1921
Volume 75, Issue 2_suppl
  • ISSN: 0002-9637
  • E-ISSN: 1476-1645

Abstract

The intensity of transmission has multifarious and sometimes counter-intuitive effects on age-specific rates of severe morbidity and mortality in endemic areas. This has led to conflicting speculations about the likely impact of malaria control interventions. We propose a quantitative framework to reconcile the various apparently contradictory observations relating morbidity and mortality rates to malaria transmission. Our model considers two sub-categories of severe malaria episodes. These comprise episodes with extremely high parasite densities in hosts with little previous exposure, and acute malaria episodes accompanied by co-morbidity or other risk factors enhancing susceptibility.
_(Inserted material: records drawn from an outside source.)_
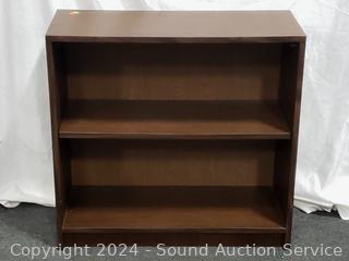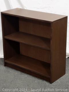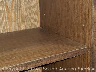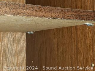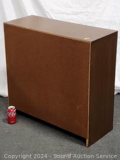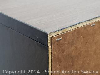 Particle board construction, wood grain laminate finish. 29" H x 30.5" W x 12" D. Some scuffs, dings, scratches in finish.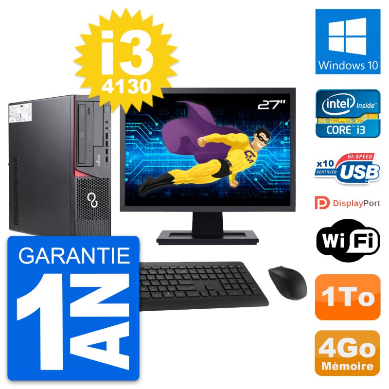 PC Fujitsu E720 DT - Intel Core i3-4130 3.4 Ghz (3 Mo) - 4 Go DDR3 - Disque Dur 3,5" 1 To - Graveur DVD - Clef Wifi USB - Windows 10 - Livré avec Ecran 27" + clavier + souris (Marques et modèles variables) - Garantie 1 an.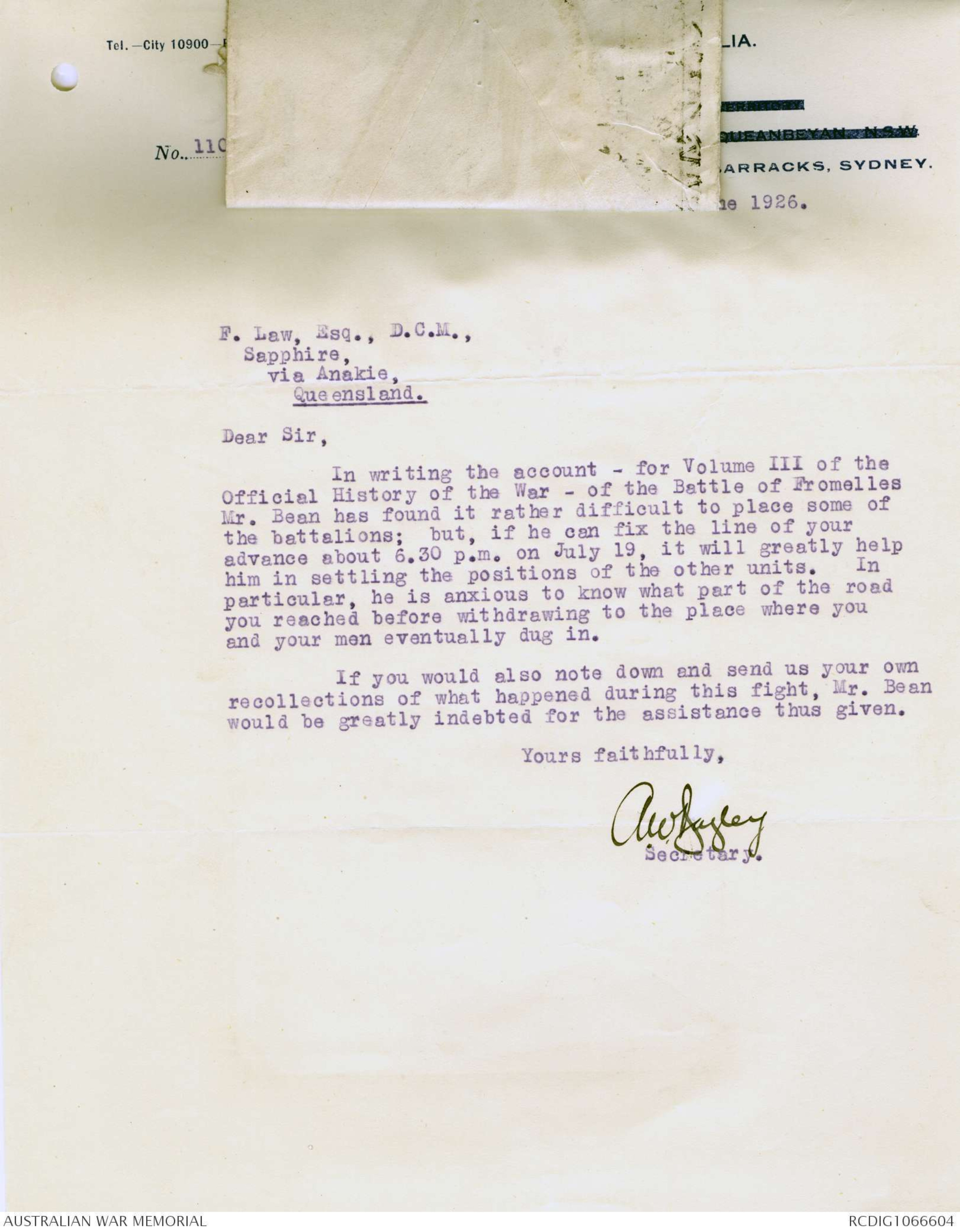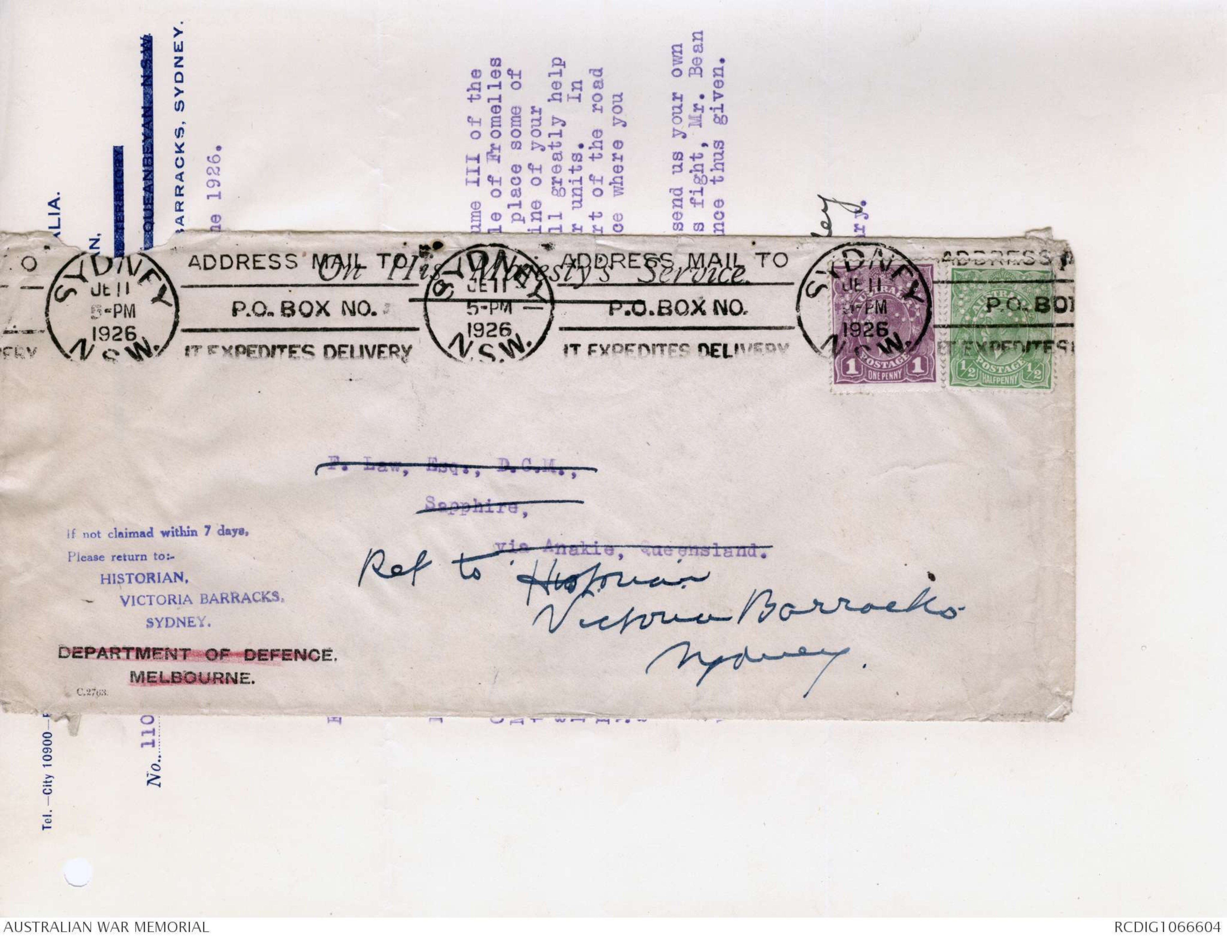 | VICTORIA BARRACKS, | Refer to Historian |

In addition to direct malaria mortality from severe malaria episodes, the model also considers the enhanced risk of indirect mortality following acute episodes accompanied by co-morbidity after the parasites have been cleared. We fit this model to summaries of field data from endemic areas of Africa, and show that it can account for the observed age- and exposure-specific patterns of pediatric severe malaria and malaria-associated mortality in children. This model will allow us to make predictions of the long-term impact of potential malaria interventions. Predictions for children will be more reliable than those for older people because there is a paucity of epidemiologic studies of adults and adolescents.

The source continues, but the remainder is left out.